Purpose: Continuous irradiation of relatively short duration as administered in gamma-ray stereotactic radiosurgery (SRS) is biologically not equivalent to the more protracted intermittent exposures during accelerator-based radiosurgery with multiple arcs. Accelerator-based SRS and fractionated stereotactic radiotherapy (SRT) is currently performed with a high degree of variability in equipment and techniques resulting in highly variable treatment delivery times. The present work is designed to quantify the effects of radiation delivery times on biological effectiveness. For this, the intermittent radiation delivery schemes, typical for linac-based SRS/SRT, have been simulated in vitro to derive biological correction factors.
Methods and materials: The experiments were carried out using U-87MG human glioma cells in suspension at 37 degrees C irradiated with 6 MV X-rays to clinically relevant doses ranging from 6 to 18 Gy, delivered over total irradiation times from 16 min to 3 h. The resulting cell survival data was used to calculate dose correction factors to compensate for wide variations in dose delivery times.
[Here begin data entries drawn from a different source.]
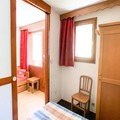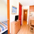 Inside, the apartment is thoughtfully designed to accommodate up to six guests. The cozy living room features a trundle bed and a TV for relaxed evenings, while the fully equipped kitchen with ceramic hob, microwave, and dishwasher makes meal preparation a breeze. A double bedroom and a nook with bunk beds provide comfortable sleeping arrangements for all. The south-facing balcony is perfect for soaking in the sun or enjoying a quiet moment with panoramic views. Additional amenities include a ski locker on the ground floor, elevator access, and the option to bring pets for a small fee.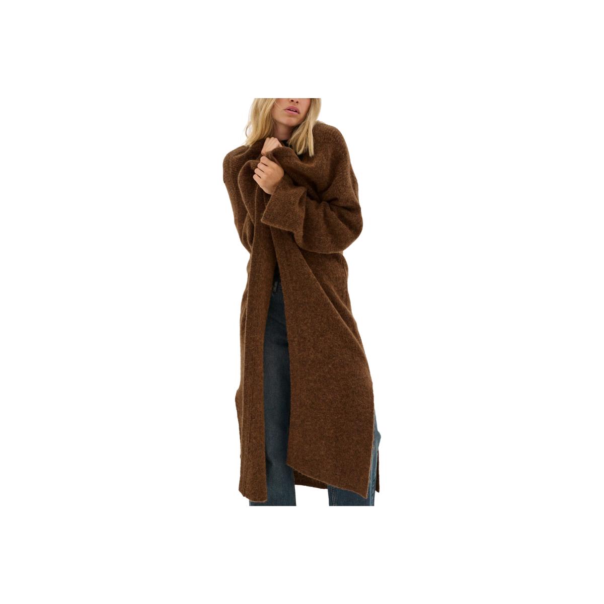 MY ESSENTIAL WARDROBE Rianna Long Wool Blend Cardigan, Foxy Brown Melange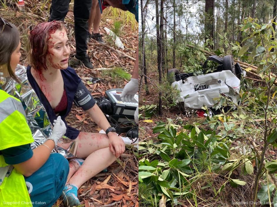 queensland p plater left bloodied after parasite in allegedly stolen vehicle runs her off the road abc news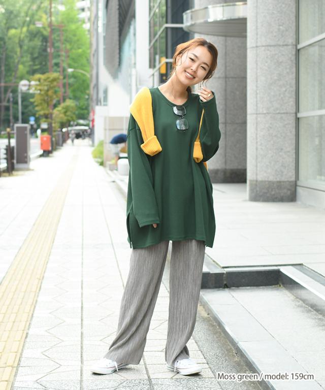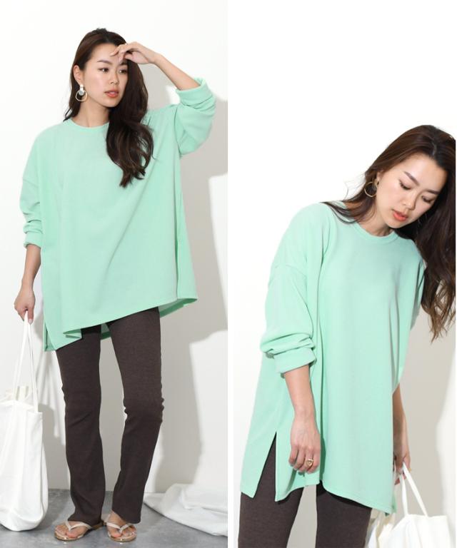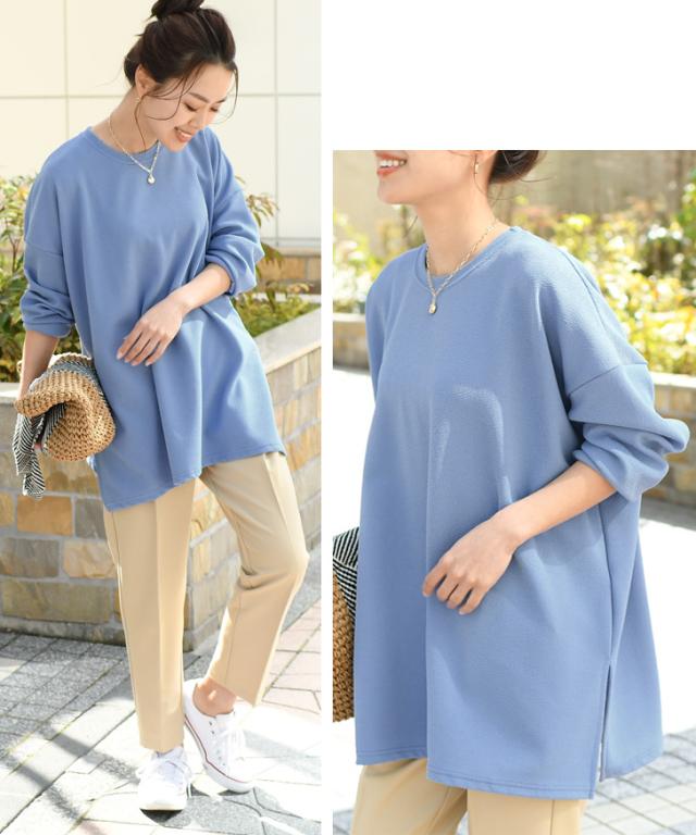 着回し お出かけ プルオーバー エンボス加工サイドスリットベーシックワイドカットソー トップス ロンT 長袖 Tシャツ レディース マタニティ きれいめ 春夏 グリーン ロング チュニック ゆったり 大きめ プルオーバー 無地 シンプル リラックス 軽い 大人 レイヤード 重ね着 おしゃれ ワンマイルウェア ルームウェア 部屋着 ストレッチ 伸縮性 体型カバー 在宅 リモート テレワーク オケージョン オフィスカジュアル 学校行事 デート 女子会 お呼ばれ 20代 30代 40代 50代 ロングシーズン 韓国ファッション セレモニー 入園式 卒園式 入学式 卒業式 母親 ママ ビジネス オフィス 通勤 通学 OL 緑 黄色 灰色 茶色 青 水色 白 黒 妊婦 妊婦服 産前 産後 楽ちん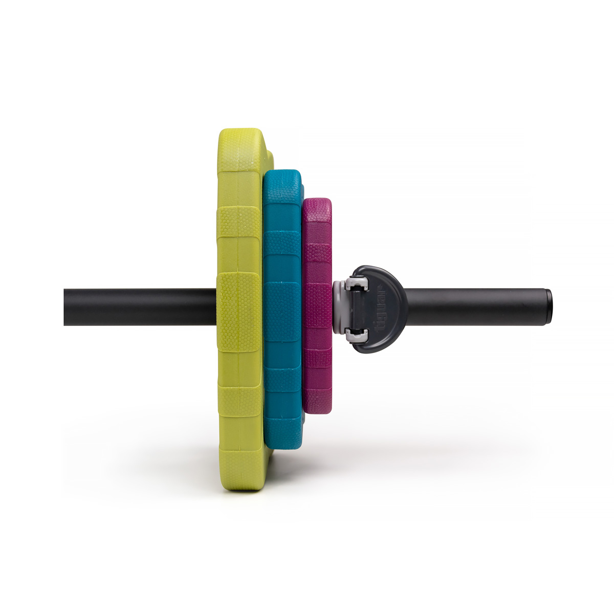 The set consists of a straight barbell weighing 1.8 kg, two clamps, and a set of plates with weights of 1.25 kg, 2.5 kg and 5 kg, and the maximum weight of the barbell with the full load attached is 19.5 kg. The product is an ideal choice for both beginners and more advanced athletes who want to intensify their training using free weights with adjustable loads. The solution will be great for group training, circuit and functional workouts.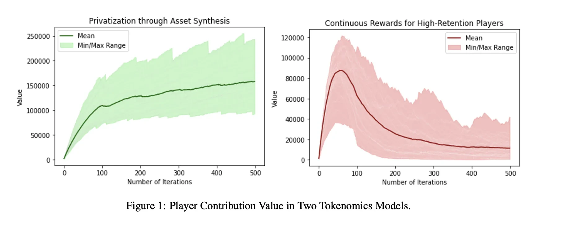 在资产合成私有化模型(左侧)中,我们观察到随着迭代次数的增加,玩家总贡献值呈现出持续的上升趋势,表明该模型能够有效地保持玩家参与并推动长期价值增长。相反,在持续奖励高留存玩家模型(右侧)中,玩家贡献最初呈现出显著上升,但随后显著下降。尽管该模型在早期阶段显示出较高的玩家贡献,但后续迭代中的下降表明在长期内维持玩家参与方面存在挑战。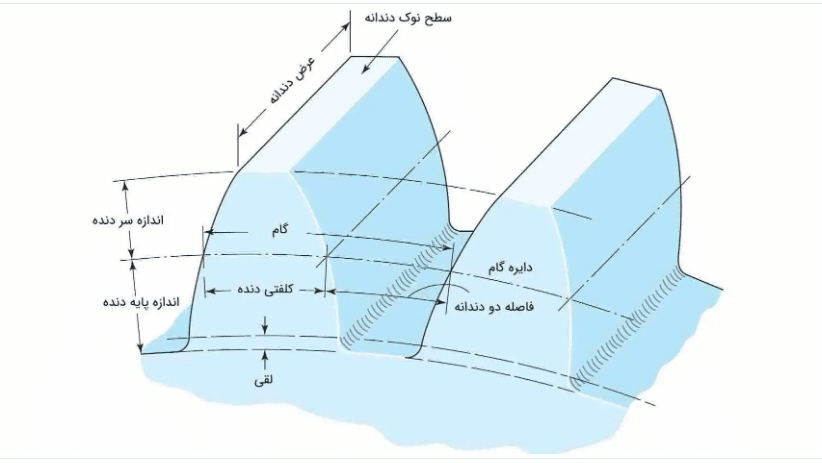 تصویر زیر یک چرخ دنده ساده را از نزدیک نشان می دهد. پارامترهای اصلی چرخ دنده را در شکل مشاهده می کنید. در ادامه به تعریف برخی از این پارامترها می پردازیم.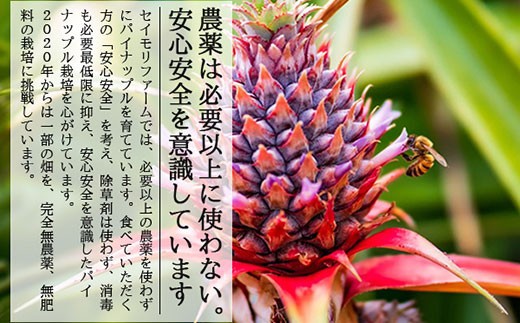 しかし肥料を最低限に抑え、えぐみのない、味にこだわったパインを育てているため、凝縮された甘味を味わえます。また、除草剤は使わず、消毒も必要最低限に抑え、安心安全を意識した栽培をしています。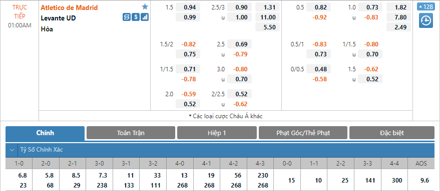 Trên bảng kèo tỷ số chính xác của trận đấu, tỷ số 2-0 đang có điểm ăn thấp nhất với 5.8 lần, tỷ số 1-0 tiếp theo với mức ăn 6.8. Tỷ số 3-0 cũng có điểm ăn không quá chênh lệch với 7.3, với dự đoán Atletico Madrid sẽ có một trận thắng dễ dàng với kịch bàn nhiều bàn thắng thì lựa chọn tỷ số 3-0 hoặc 3-1 sẽ là lựa chọn hợp lý trận này.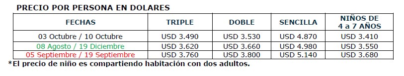 • El pago total debe realizarse 50 días antes del inicio del viaje. De lo contrario se perderá el cupo.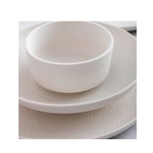 Bol Blanco Fosil 12 x 6 cm. Bol fabricado en porcelana reforzada con alumina, duradera y no porosa. Excelente resistencia al rayado. Texturas sorprendentes con esencia minimalista. Apto para microondas y lavavajillas. Dimensiones: 12 x 6 cm.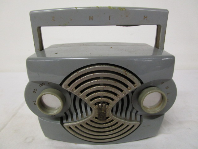 1953 Zenith "Owl Eyes" portable tube radio, specifically the model K412-G in Dawn Grey. There is electric tape on the plug wire at the console piece the radio shows age, please preview. Measures approximately 7 in by four and a half inches by 4 in.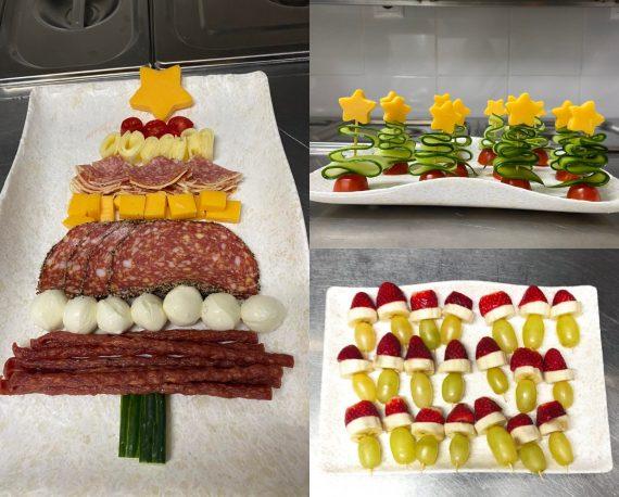Θα φτιάξουμε χριστουγεννιάτικα ορεκτικά από αγγούρι, πολύχρωμες πιπεριές, καρότο, φράουλες, σταφύλια, μπανάνες, σαλάμι αέρος, μπύρας, ζαμπόν ή όποιο άλλο αλλαντικό θέλουμε και γενικά, βάλτε την φαντασία σας να δουλέψει!

Results: At each total dose level, cell survival increased with increasing total irradiation time. The increase in survival was more pronounced at higher dose levels. At a total dose of 12 Gy, cell survival increased by a factor of 4.7 when irradiation time was increased from 16 to 112 min. Dose correction factors were calculated to allow biologically equivalent irradiations over the range of exposure times. Cells irradiated with corrected total doses of 11.5 Gy delivered incrementally in 16 min up to 13.3 Gy in 112 min were found to exhibit the same survival within the experimental limits of accuracy.
Conclusions: For a given total dose, variations in dose delivery time typical of SRS/SRT techniques will result in significant changes in cell survival. In the dose range studied, an isoeffect dose correction factor of 2 to 3 cGy/min was shown to compensate for the change in delivery time for U-87 MG human gloma cells in vitro.